Я сейчас, минуточку, там дверь...
Убегает из комнаты. Медленно возвращается, берет трубку.
Алло! (встревоженно) Что случилось? У меня? У меня ничего. Приходили? А, это дверью ошиблись. Дом же новый. Ты где? Я?.. Да... Нет... Нет... (наиграно) Конечно... Правда-правда... Никто не застрахован. Я все понимаю. Да... И я тоже... Целую...
Шум дождя. Она медленно кладет трубку. Садится к столу. Отвинчивает бутылку и наливает себе вино. Отпивает глоток.
Все старо, как грех. Могла бы и догадаться... Теперь неделю не готовить. Тоже - артист. Хорошо сыграл... (еще выпила) Одного утащили, этот - сам слинял. Артисты...
Сколько же мне было тогда? Лет пятнадцать... Не помню уже, что за пьесу мы с бабушкой смотрели. Только на сцене бесновался какой-то солидный муж. Сын-подросток забился в угол, жена тоже. Он орал и топал ногами. Домочадцы жались по стеночкам. А он требовал к себе уважения. Повиновения и послушания.
От этого крика, такого привычного в нашем доме, стало противно. Но было понятно, что он сейчас доорется до удара. Или, как у нас бывало, жена ответит такой же канонадой, или мальчонка сделает что-то трогательное и необратимое.
Громко и кратко грохочет дрель.
Именно! И действительно, хрупкая жена подняла руки, словно защищаясь от удара, да как заголосит: "Замолчи!" Она долго кричала, захлебываясь от собственного голоса и напирая на его огромный живот, что закончила войну капитаном. А потом ее голос, как перед непреодолимым препятствием, сорвался и остался хриплый, свистящий шепот.

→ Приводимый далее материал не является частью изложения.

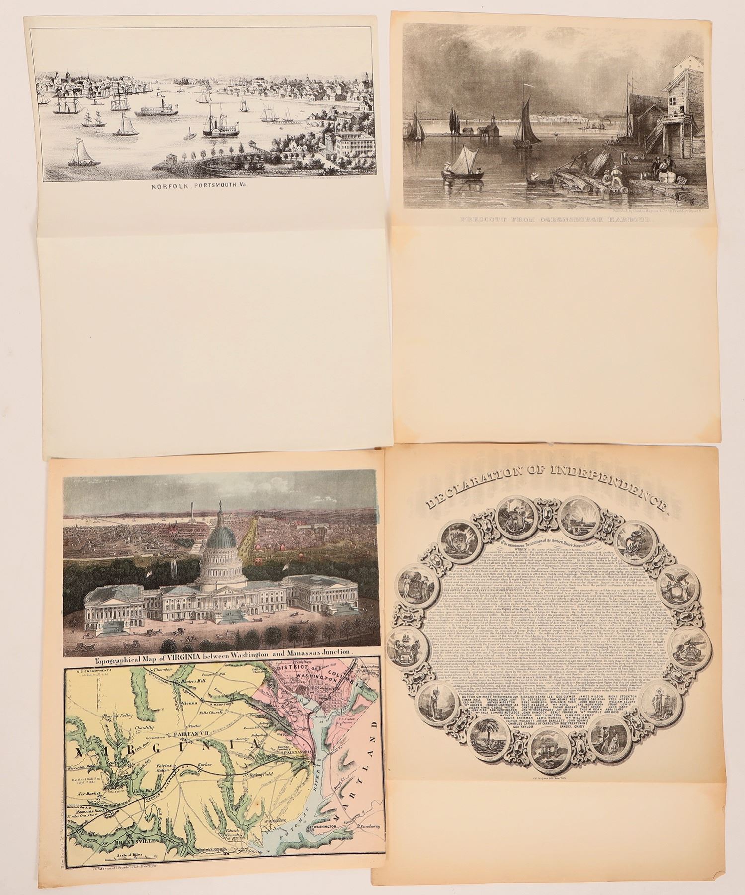 4x about 9.5x7.5" unused Magnus Civil War lettersheets. US Capitol/Virginia, Prescott from Ogdensburgh Harbour, Norfolk Portsmouth Va., Declaration of Independence with toning.

В Его комнате коротко звонит телефон.
Там, на той войне у ящика со снарядами умирал ее младший лейтенант. Мальчишка, смешной, озорной, с двумя макушками и разными глазами - голубым и коричневым. То ли по примете, то ли цыганка нагадала, но только он был уверен, что смерть его обойдет, потому что он умрет, когда глаза станут одинаковыми. Вот ничего и не боялся. Разные глаза были порукой жизни.
На этом шепоте откуда-то возникли очень тихо мужские голоса. Женщина часто останавливалась, а невнятное мужское бормотание превращалось в мелодию. Теноры пытались удержать высокую ноту, но басы сметали их робкие попытки. И суровые низкие ноты опускались все ниже и ниже. Так страх подбирается к душе, - властно и безжалостно.
И, когда стало совсем невыносимо, из самой сердцевины мужского рокота родился высокий женский голос. Такой прозрачный, бестелесный, словно бы звук пробовали на всамделишность.
Голос медленно выходил из пучины и поднимался все выше и выше. Он становился сильным, мощным. От него прибавлялось света. Но еще и страдания. Он жалел и прощал. Примирял... Казалось, он занимает собой не только театр, но и весь этот мир, где властвует горе. Он мудро не обещал счастья, но давал надежду на покой...
Мальчишка глядел на свои оторванные ноги, и глаза его были пустые-пустые и черные-черные. А женщина гладила его по голове и с ужасом смотрела в эти глаза... Я сидела, прибитая, к креслу и не могла вздохнуть, - вокруг стояла такая тишина, что было слышно, как грохочет сердце.
Слышен шум дождя. Он медленно входит в комнату. Зонт мокрый, но Он его не раскрывает, а медленно садится и смотрит в зал. Как пришел, - в куртке и с мокрым зонтом в руках.
Она тоже сидит и смотрит в зал. Слышен дождь и далекий гром. А потом резко - дрель. Он соскакивает с места и бросает зонт.
Она тоже разбрасывает по комнате шляпы и газовые шарфики.
Потом Они одновременно замирают, обхватывают головы руками и отчаянно кричат: "А-а-а!" В этот момент за окном раздаются очень громкие крики, ругань. Они одновременно, каждый в своей комнате, подходят к окнам - к авансцене - и выглядывают.
ОНА. Новые жильцы лифтера поймали.
ОН. Похоже, теперь не только по вечерам, но и по утрам придется обходиться без лифта.